··· Raw data

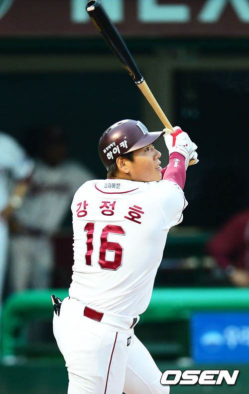 3일 오후 목동구장에서 열린 '2012 팔도 프로야구' 넥센 히어로즈와 한화 이글스의 경기에서 2회말 무사 주자 2루 열흘만에 1군에 복귀한 홈런 선두 넥센 강정호가 중견수 플라이 타구를 날리고 있다.
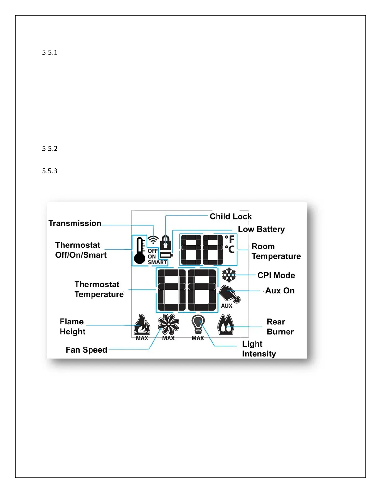 c. If the thermostat icon displays as “SMART” (Smart Thermostat), the fireplace will only ignite if the
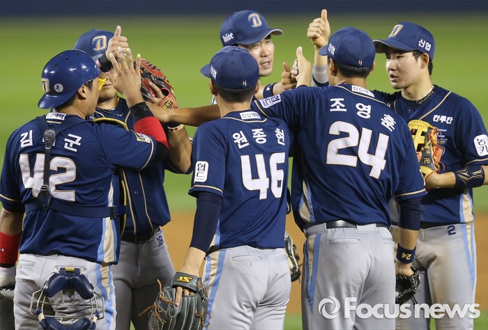 (서울=포커스뉴스) 29일 서울 잠실구장에서 열린 2016 프로야구 NC-두산 경기에서 두산을 물리치고 4연패의 늪에서 벗어난 NC 선수들이 마운드에 모여 하이파이브하며 승리의 기쁨을 나누고 있다.
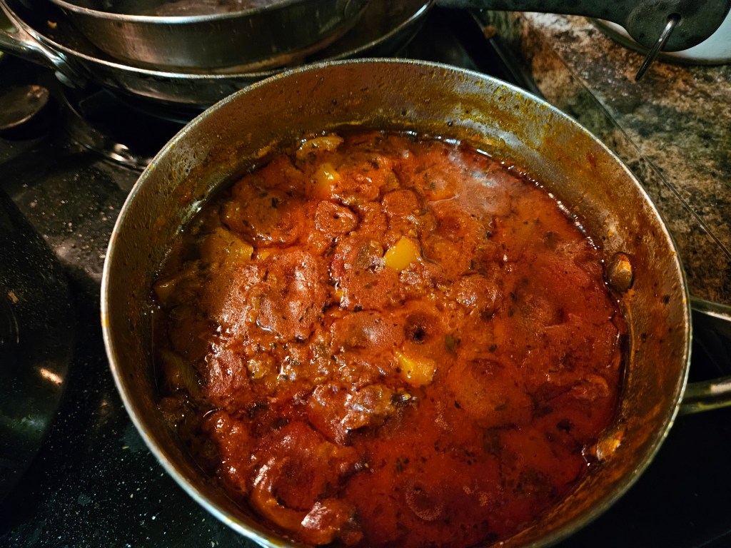 So, I had some lately refrigerated ground beef that I felt the need to cook. I put some of the ground beef in my large pot, with some chopped onion and bacon fat to start vegetable soup, and the rest I put in a smaller 3 Qt. pot with chopped onion to make spaghetti sauce.
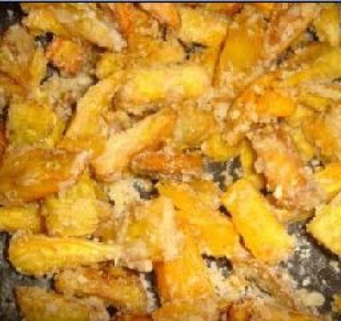 (1)将芋头切成6厘米长、2.5厘米宽的条状后,把炒鼎洗净上火,放入生油,侯油温热至约180℃时把芋头放入鼎里,炸至金黄色(要炸熟)捞起。
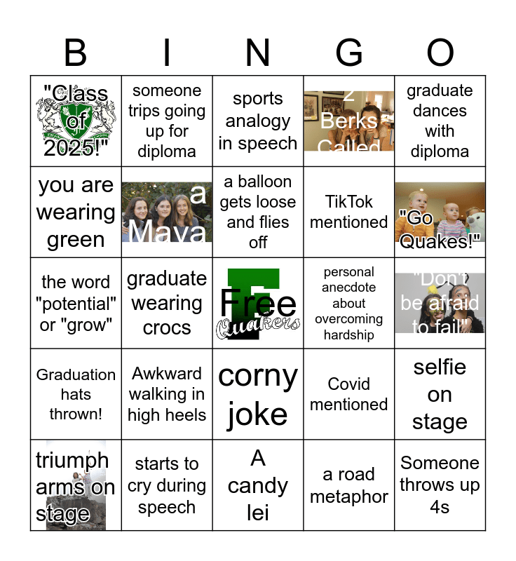This bingo card has 6 images, a free space and 24 words: Awkward walking in high heels, starts to cry during speech, a balloon gets loose and flies off, triumph arms on stage, graduate dances with diploma, "Class of 2025!", you are wearing green, someone trips going up for diploma, personal anecdote about overcoming hardship, corny joke, TikTok mentioned, the word "potential" or "grow", Covid mentioned, selfie on stage, a Maya, a road metaphor, "Don't be afraid to fail", sports analogy in speech, "Go Quakes!", graduate wearing crocs, Someone throws up 4s, Graduation hats thrown!, 2 Berks Called and A candy lei.
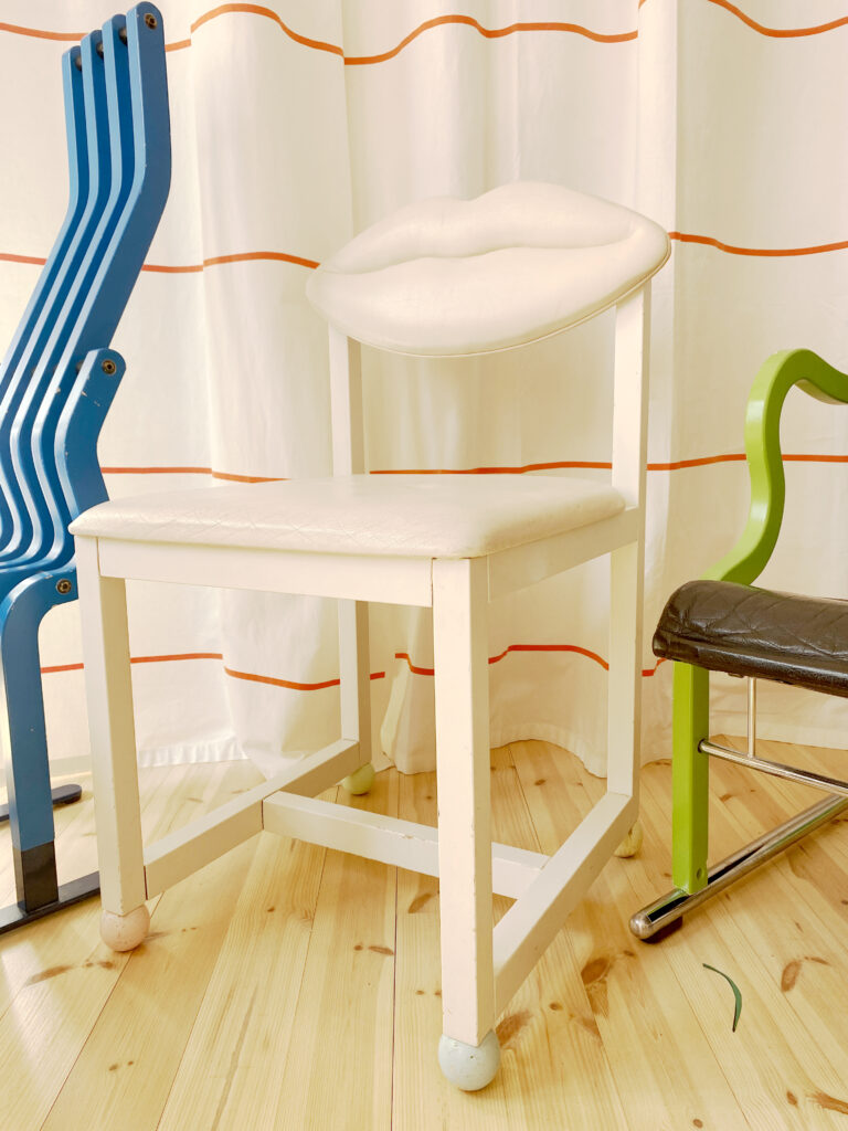 Kirpputorikierros Taidehaistelijan kanssa päättyi siihen, että Kiss-tuoli liittyi postmodernien tuolien perheeseen. Suosin aina kierrätettyjä tavaroita, ja niiden löytämisessä Taidehaistelijan palvelu on lyömätöntä. Vietin loppupäivän sohvalla rentoutuen – joka muuten on myös Taidehaistelijan löytö.

······

What is being asked: Output each line above exactly. Skip the images.

Answer to this problem:
 3일 오후 목동구장에서 열린 '2012 팔도 프로야구' 넥센 히어로즈와 한화 이글스의 경기에서 2회말 무사 주자 2루 열흘만에 1군에 복귀한 홈런 선두 넥센 강정호가 중견수 플라이 타구를 날리고 있다.
 c. If the thermostat icon displays as “SMART” (Smart Thermostat), the fireplace will only ignite if the
 (서울=포커스뉴스) 29일 서울 잠실구장에서 열린 2016 프로야구 NC-두산 경기에서 두산을 물리치고 4연패의 늪에서 벗어난 NC 선수들이 마운드에 모여 하이파이브하며 승리의 기쁨을 나누고 있다.
 So, I had some lately refrigerated ground beef that I felt the need to cook. I put some of the ground beef in my large pot, with some chopped onion and bacon fat to start vegetable soup, and the rest I put in a smaller 3 Qt. pot with chopped onion to make spaghetti sauce.
 (1)将芋头切成6厘米长、2.5厘米宽的条状后,把炒鼎洗净上火,放入生油,侯油温热至约180℃时把芋头放入鼎里,炸至金黄色(要炸熟)捞起。
This bingo card has 6 images, a free space and 24 words: Awkward walking in high heels, starts to cry during speech, a balloon gets loose and flies off, triumph arms on stage, graduate dances with diploma, "Class of 2025!", you are wearing green, someone trips going up for diploma, personal anecdote about overcoming hardship, corny joke, TikTok mentioned, the word "potential" or "grow", Covid mentioned, selfie on stage, a Maya, a road metaphor, "Don't be afraid to fail", sports analogy in speech, "Go Quakes!", graduate wearing crocs, Someone throws up 4s, Graduation hats thrown!, 2 Berks Called and A candy lei.
 Kirpputorikierros Taidehaistelijan kanssa päättyi siihen, että Kiss-tuoli liittyi postmodernien tuolien perheeseen. Suosin aina kierrätettyjä tavaroita, ja niiden löytämisessä Taidehaistelijan palvelu on lyömätöntä. Vietin loppupäivän sohvalla rentoutuen – joka muuten on myös Taidehaistelijan löytö.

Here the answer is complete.